NSAIDs have both analgesic (pain-blocking) and gastropathic properties, so a patient taking diclofenac daily for arthritis may develop a significant gastric ulcer while experiencing no abdominal pain, only to present with the first complication: a gastrointestinal bleed manifesting as melaena or haematemesis.
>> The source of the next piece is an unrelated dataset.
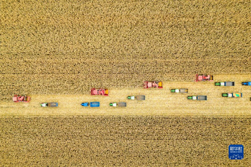 10月18日,收割機在黑龍江省綏化市北林區張維鎮潤地農業種植合作社的一處玉米地收獲玉米(無人機照片)。

This is one of the most important reasons current guidelines recommend routine PPI co-prescription for any patient taking NSAIDs long-term, particularly those over 65 or with a prior ulcer history.

References

Chey, W. D., Leontiadis, G. I., Howden, C. W., & Moss, S. F. (2017). ACG clinical guideline: Treatment of Helicobacter pylori infection. American Journal of Gastroenterology, 112(2), 212–239. https://doi.org/10.1038/ajg.2016.563
Lanas, A., & Chan, F. K. L. (2017). Peptic ulcer disease. The Lancet, 390(10094), 613–624. https://doi.org/10.1016/S0140-6736(16)32404-7
Malfertheiner, P., Megraud, F., Rokkas, T., Gisbert, J. P., Liou, J. M., Schulz, C., … & European Helicobacter and Microbiota Study Group. (2022). Management of Helicobacter pylori infection: The Maastricht VI/Florence consensus report. Gut, 71(9), 1724–1762. https://doi.org/10.1136/gutjnl-2022-327745
Malfertheiner, P., Chan, F. K. L., & McColl, K. E. L. (2009). Peptic ulcer disease. The Lancet, 374(9699), 1449–1461. https://doi.org/10.1016/S0140-6736(09)60938-7
Rugge, M., Sugano, K., Scarpignato, C., Sacchi, D., & Oblitas Lozada, W. (2020). H. pylori eradication in the era of antibiotic resistance. Therapeutic Advances in Gastroenterology, 13, 1–15. https://doi.org/10.1177/1756284820sreview
Sugano, K., Tack, J., Kuipers, E. J., Graham, D. Y., El-Omar, E. M., Miura, S., … & Malfertheiner, P. (2015). Kyoto global consensus report on Helicobacter pylori gastritis. Gut, 64(9), 1353–1367. https://doi.org/10.1136/gutjnl-2015-309252
Uedo, N., Mori, Y., & Ishihara, R. (2022). Atrophic gastritis and intestinal metaplasia as precancerous lesions of gastric cancer. Best Practice & Research Clinical Gastroenterology, 56–57, 101786. https://doi.org/10.1016/j.bpg.2022.101786

Disclaimer: This article is intended for educational purposes only and does not constitute medical advice. Always consult a qualified healthcare professional before starting, stopping, or changing any medication or treatment.